Иногда я определяю Уитмена для себя как поэта открытого воздуха — не потому, что он воспевает эти вещи в манере так называемых поэтов природы, а потому, что он обладает качеством вещей на открытом воздухе, качеством того, что не имеет крова, не укрощено, элементарно и первобытно. Он нравится и он оскорбляет, точно так же, как вещи в целом. У него есть мускулы, безразличие, грубость, вирильность, неотделанность — что-то серое, невыраженное, элементарное в нем, эффект массы, размера, расстояния, текучих, исчезающих линий, нейтральных пространств — что-то неформальное, многолюдное и процессионное — что-то не обращающее внимания на критику, не делающее ставок на наши аплодисменты, не рассчитанное на то, чтобы мгновенно понравиться, не заботящееся о деталях, прозаичное, если мы сделаем его таковым, обычное, близкое, и все же вызывающее мысли и волнующее наши эмоции в необычайной степени. Длинные списки и каталоги предметов и сцен у Уитмена, которые вызвали такое веселье у критиков, являются одной из сторон его характера «вне дома» — множество конкретных предметов, роща, чаща, поле, полоса пляжа — каждый предмет четко определен, но нет попытки логической или художественной последовательности, эффект целого неформален, многолюден.
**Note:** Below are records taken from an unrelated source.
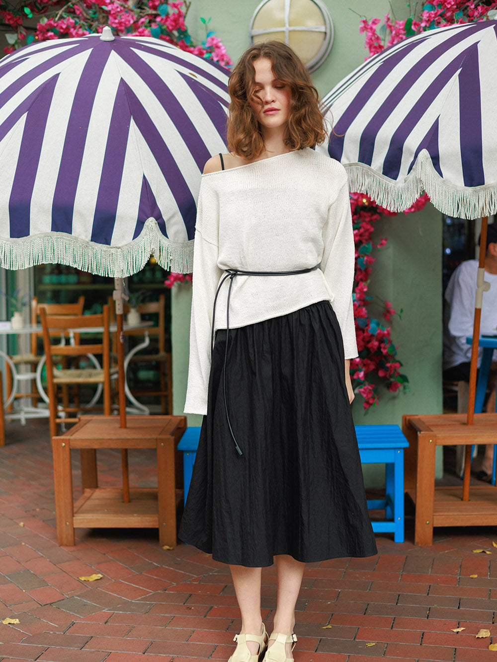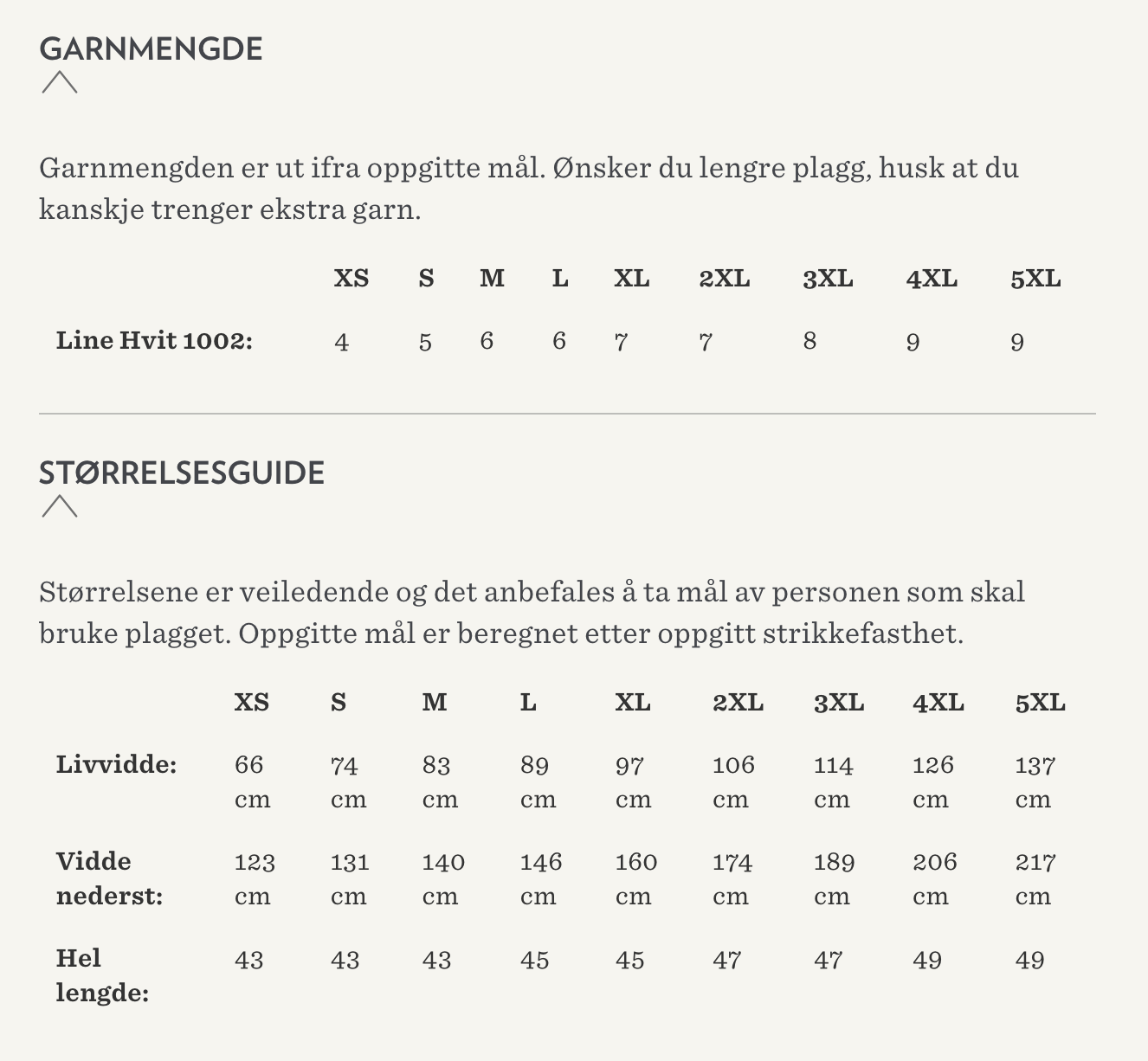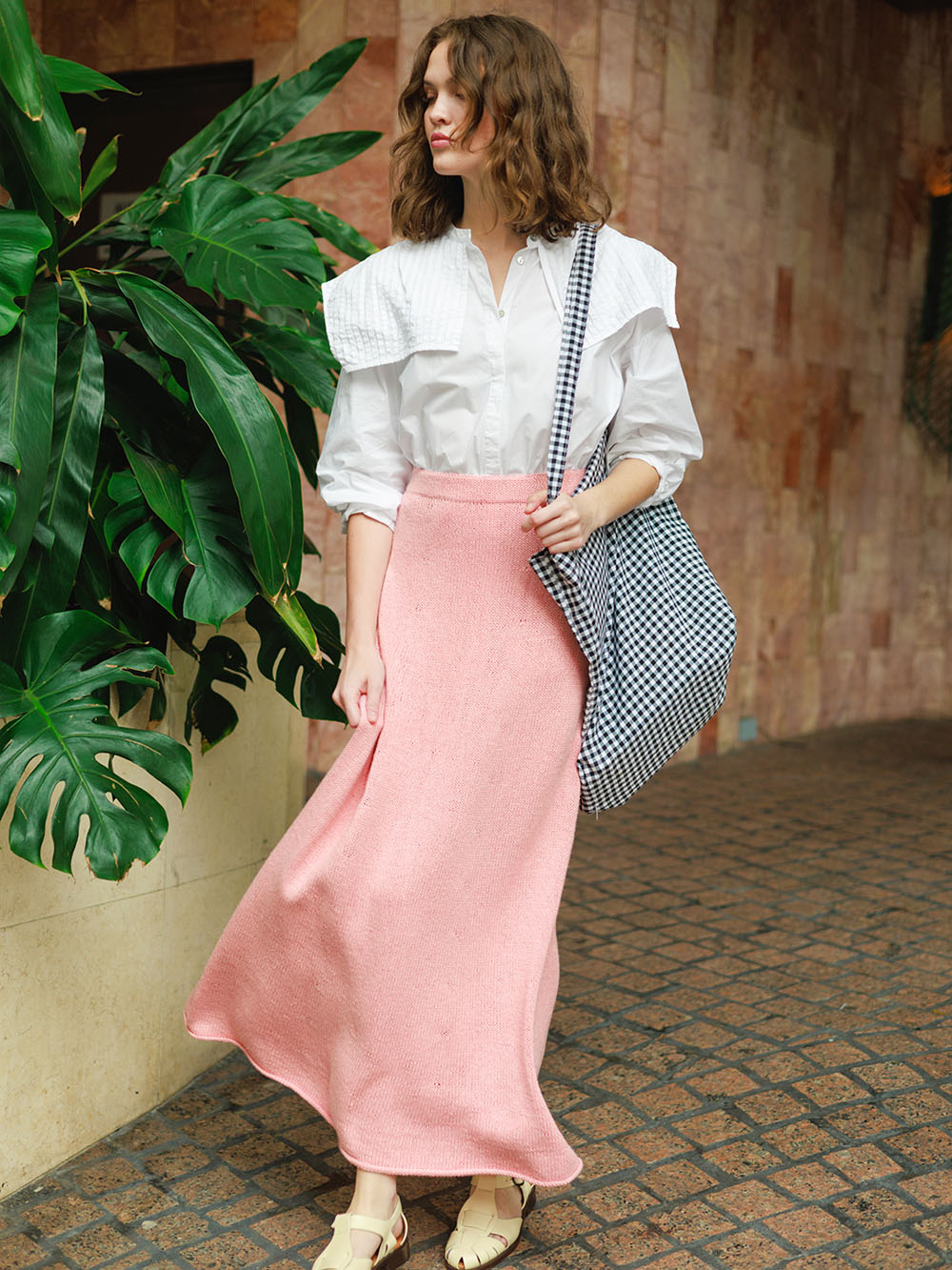 First, knit a double row at the waist, before continuing with stockinette stitch with increases at the front and back. The skirt is knitted to full length and cast off straight.
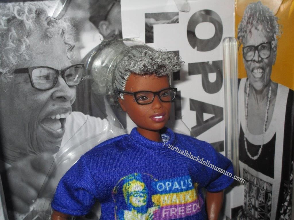 Clothes: Representing Dr. Opal Lee’s annual “Opal’s Walk for Freedom,” the Opal Lee Barbie wears a royal-blue short-sleeved graphic T-shirt with an “Opal’s Walk to Freedom” graphic. The graphic features a headshot of Dr. Lee and is paired with white pants and red, white, and blue low-top sneakers. Wears black-rimmed eyeglasses.
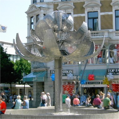 Die an einer Säule angebrachte Kugel öffnet ihre einzelnen Bauteile, so dass schließlich der Eindruck einer geöffneten Rose entsteht.
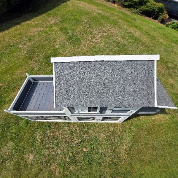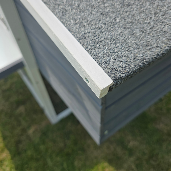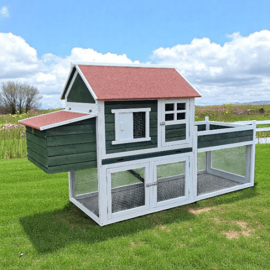 Available in two timeless colour combinations – Grey & White and Dark Green & White – this chicken coop is a beautiful addition to any outdoor space. Its elevated design creates a sheltered area underneath, perfect for shade and dust bathing, while stylish roof and window details add visual appeal and extra weather protection.

Можно возразить этим страницам, что они состоят из массы деталей, которые не складываются в картину. Но каждая строка — это картина сцены или предмета. Уитмен всегда поддерживает движение, он никогда не останавливается, чтобы описать; это сплошное действие.

Переход от такого поэта, как Теннисон, к Уитмену подобен выходу из теплого, надушенного интерьера с богатыми драпировками, картинами, книгами, статуями, изысканными мужчинами и женщинами на улицу, или на пляж, или на холм, или под полуночные звезды. Мы, безусловно, что-то теряем, но не приобретаем ли мы также что-то? Не приобретаем ли мы именно то, что имел в виду Уитмен, а именно прямой контакт со стихиями, в которых заключены источники нашей жизни и здоровья? Не выигрываем ли мы в охвате и силе то, что теряем в искусстве и утонченности?

Название «Листья травы» полно смысла. Какое самопознание и самоанализ оно подразумевает! Трава, многолетне прорастающая, всеобщая, бесформенная, обычная, всегда накрытый пир для стад, усеянная цветами, растительность земли, столь напоминающая о многолюдном, слабо агрегированном, неразработанном характере книги; строки, вырастающие непосредственно из личности поэта, из почвы его жизни.

«Что самое обычное, самое дешевое, самое близкое, самое легкое — это я»,

говорит поэт, и это оказывается именно так. Мы лишь смотрим, раскрывает ли он в обычном и дешевом новые ценности и новые смыслы — обладают ли его листья травы прежней свежестью и питательностью, а не являются ли они просто нарисованной зеленью.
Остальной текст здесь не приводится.